> [INSTRUCTIONS FOR THE TASK]: Reproduce the entire listing exactly. Leave the pictures out.

> [DATA SHOWN]:
————————

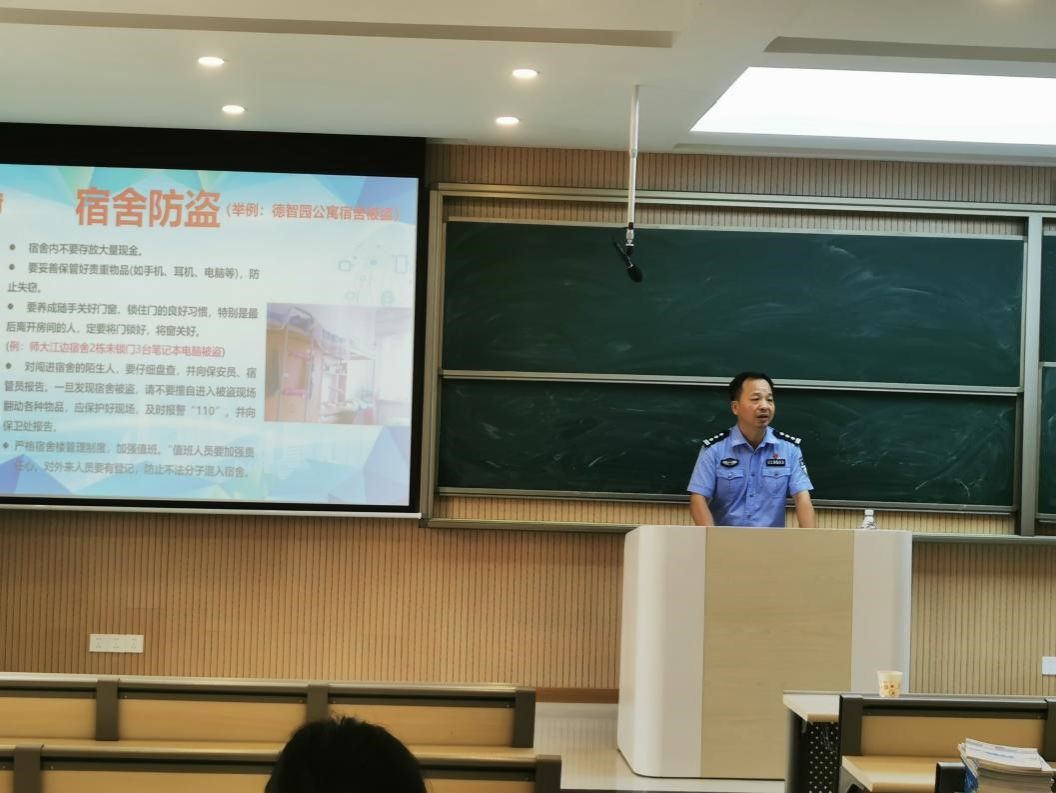 接着,陈芳桂警官从财产安全、人身安全、防网络电信诈骗等方面对同学们进行安全教育宣讲。陈警官通过列举大量的真实案例告诫同学们,安全问题随时随地发生,大家要注意观察,避免安全事故的发生。之后陈警官着重给同学们讲解了防范电信网络诈骗,他指出信息化高速发展时代,各类诈骗手段层出不穷,大家一定要对网络信息时刻保持高度警惕心理。
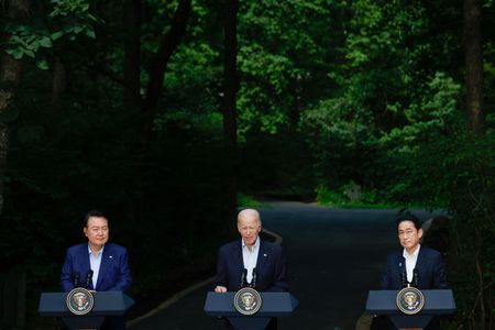 CAMP DAVID, Maryland (Reuters) -U.S. President Joe Biden and the leaders of South Korea and Japan agreed at Camp David on Friday to deepen military and economic cooperation and made their strongest joint condemnation yet of “dangerous and aggressive behavior” by China in the South China Sea.
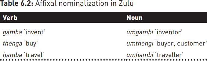 Prefixes in English, unlike suffixes, almost never change word class: there are a few, generally unproductive, exceptions such as a- which derives the adjectives ablaze, awash and abuzz from the nouns blaze, wash and buzz, and the verbal prefix en- in enrage, enamour, entangle. Not all languages restrict the functions of prefixes in this way. In Zulu, for example, the prefix um-, coupled with a change of final vowel, is used to derive nouns from verbs:
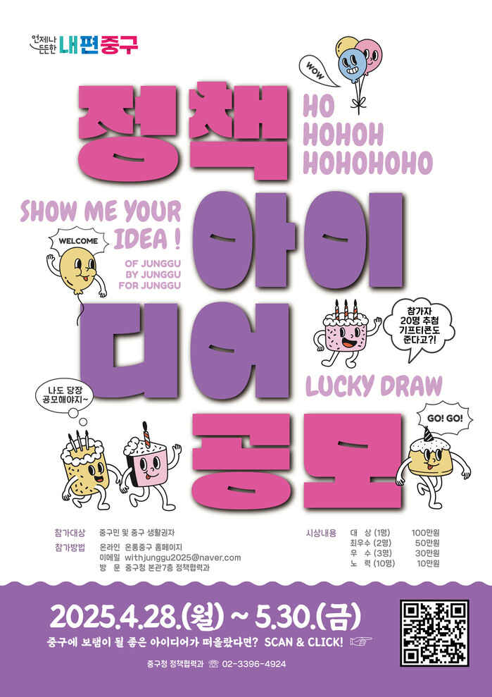 [시민일보 = 여영준 기자] 중구가 오는 5월30일까지 '2025 정책 아이디어 공모전'을 연다.

————————

> [ANSWER TO THIS EXERCISE]:
 接着,陈芳桂警官从财产安全、人身安全、防网络电信诈骗等方面对同学们进行安全教育宣讲。陈警官通过列举大量的真实案例告诫同学们,安全问题随时随地发生,大家要注意观察,避免安全事故的发生。之后陈警官着重给同学们讲解了防范电信网络诈骗,他指出信息化高速发展时代,各类诈骗手段层出不穷,大家一定要对网络信息时刻保持高度警惕心理。
 CAMP DAVID, Maryland (Reuters) -U.S. President Joe Biden and the leaders of South Korea and Japan agreed at Camp David on Friday to deepen military and economic cooperation and made their strongest joint condemnation yet of “dangerous and aggressive behavior” by China in the South China Sea.
 Prefixes in English, unlike suffixes, almost never change word class: there are a few, generally unproductive, exceptions such as a- which derives the adjectives ablaze, awash and abuzz from the nouns blaze, wash and buzz, and the verbal prefix en- in enrage, enamour, entangle. Not all languages restrict the functions of prefixes in this way. In Zulu, for example, the prefix um-, coupled with a change of final vowel, is used to derive nouns from verbs:
 [시민일보 = 여영준 기자] 중구가 오는 5월30일까지 '2025 정책 아이디어 공모전'을 연다.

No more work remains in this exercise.